**Instructions for the task:**
With the pictures left out, retype exactly the lines below starting at the line that contains "EGO Family er" and ending at the line that contains "Am 27. und 28.".

**The records:**
::::::::
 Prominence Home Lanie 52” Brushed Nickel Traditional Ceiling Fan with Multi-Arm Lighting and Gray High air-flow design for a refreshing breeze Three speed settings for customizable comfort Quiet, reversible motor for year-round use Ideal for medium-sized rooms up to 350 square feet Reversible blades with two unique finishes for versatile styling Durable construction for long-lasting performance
::::::::
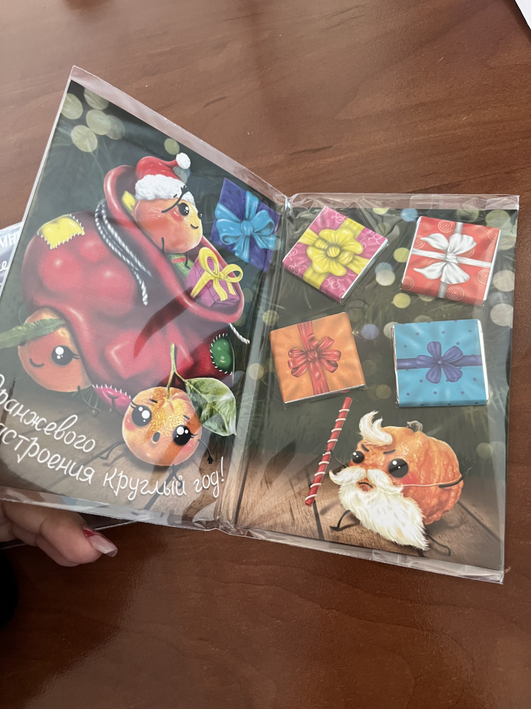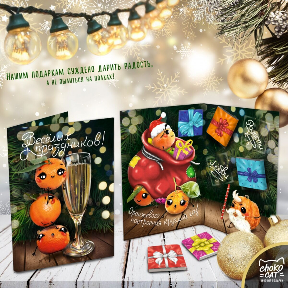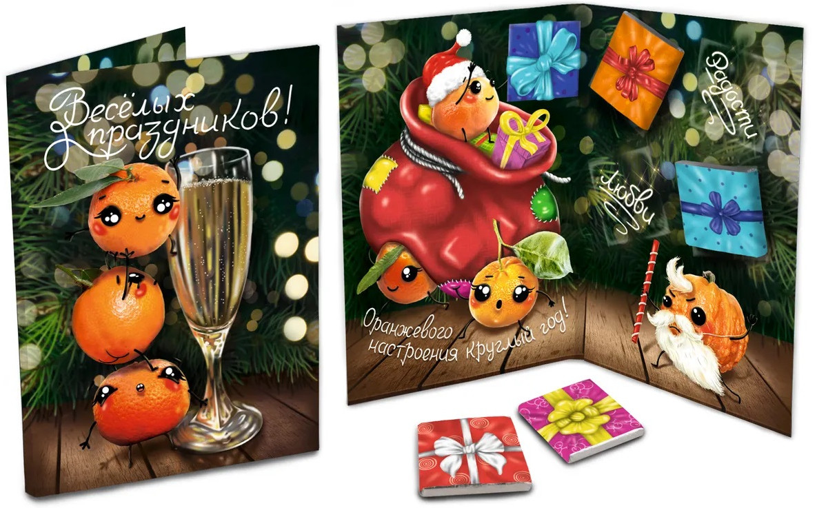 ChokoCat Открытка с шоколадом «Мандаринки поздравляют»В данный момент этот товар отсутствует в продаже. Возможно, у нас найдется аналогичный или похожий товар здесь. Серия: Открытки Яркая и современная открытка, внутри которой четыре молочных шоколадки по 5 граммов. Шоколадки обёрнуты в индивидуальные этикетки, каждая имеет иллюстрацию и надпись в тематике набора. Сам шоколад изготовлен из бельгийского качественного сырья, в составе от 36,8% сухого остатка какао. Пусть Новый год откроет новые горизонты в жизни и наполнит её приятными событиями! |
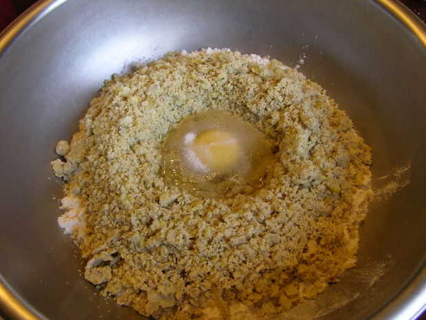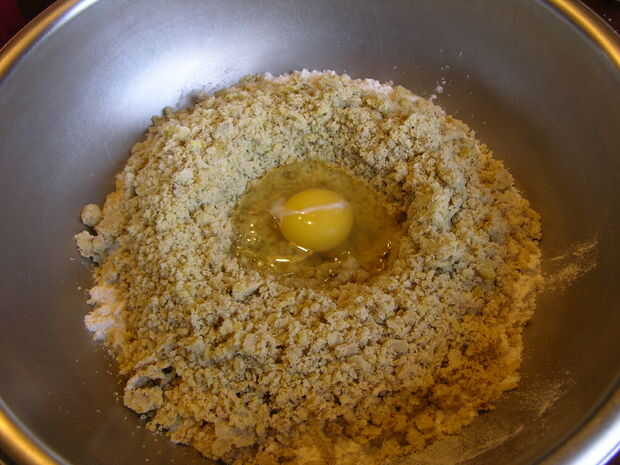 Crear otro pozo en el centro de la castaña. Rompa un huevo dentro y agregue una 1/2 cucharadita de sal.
::::::::
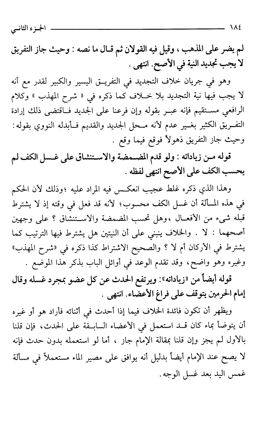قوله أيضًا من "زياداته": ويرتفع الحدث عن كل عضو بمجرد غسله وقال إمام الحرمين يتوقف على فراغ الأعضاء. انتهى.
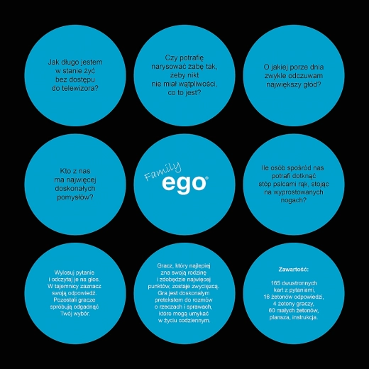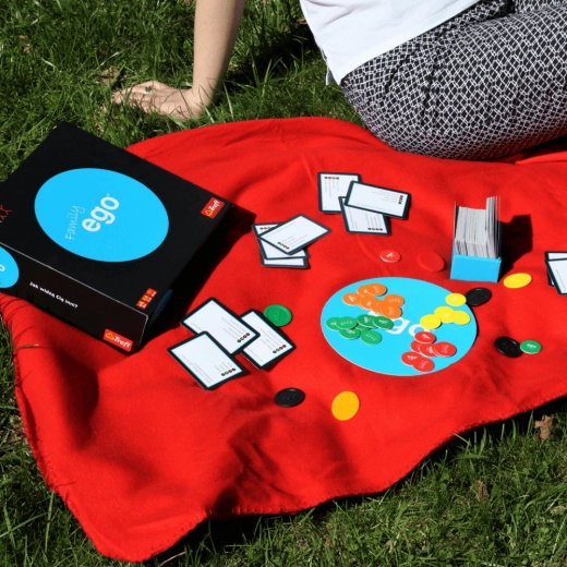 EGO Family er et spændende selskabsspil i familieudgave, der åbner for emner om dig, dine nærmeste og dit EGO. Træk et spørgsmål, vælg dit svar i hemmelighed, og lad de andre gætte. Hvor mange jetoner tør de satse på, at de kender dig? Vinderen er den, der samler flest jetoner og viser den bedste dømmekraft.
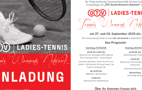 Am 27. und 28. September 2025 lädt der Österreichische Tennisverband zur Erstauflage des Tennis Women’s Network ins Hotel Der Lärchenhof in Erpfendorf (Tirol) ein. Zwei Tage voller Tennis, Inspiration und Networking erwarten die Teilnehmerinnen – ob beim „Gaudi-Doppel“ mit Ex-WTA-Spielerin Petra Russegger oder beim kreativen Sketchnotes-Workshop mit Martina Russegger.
::::::::
**Written response:**
 EGO Family er et spændende selskabsspil i familieudgave, der åbner for emner om dig, dine nærmeste og dit EGO. Træk et spørgsmål, vælg dit svar i hemmelighed, og lad de andre gætte. Hvor mange jetoner tør de satse på, at de kender dig? Vinderen er den, der samler flest jetoner og viser den bedste dømmekraft.
 Am 27. und 28. September 2025 lädt der Österreichische Tennisverband zur Erstauflage des Tennis Women’s Network ins Hotel Der Lärchenhof in Erpfendorf (Tirol) ein. Zwei Tage voller Tennis, Inspiration und Networking erwarten die Teilnehmerinnen – ob beim „Gaudi-Doppel“ mit Ex-WTA-Spielerin Petra Russegger oder beim kreativen Sketchnotes-Workshop mit Martina Russegger.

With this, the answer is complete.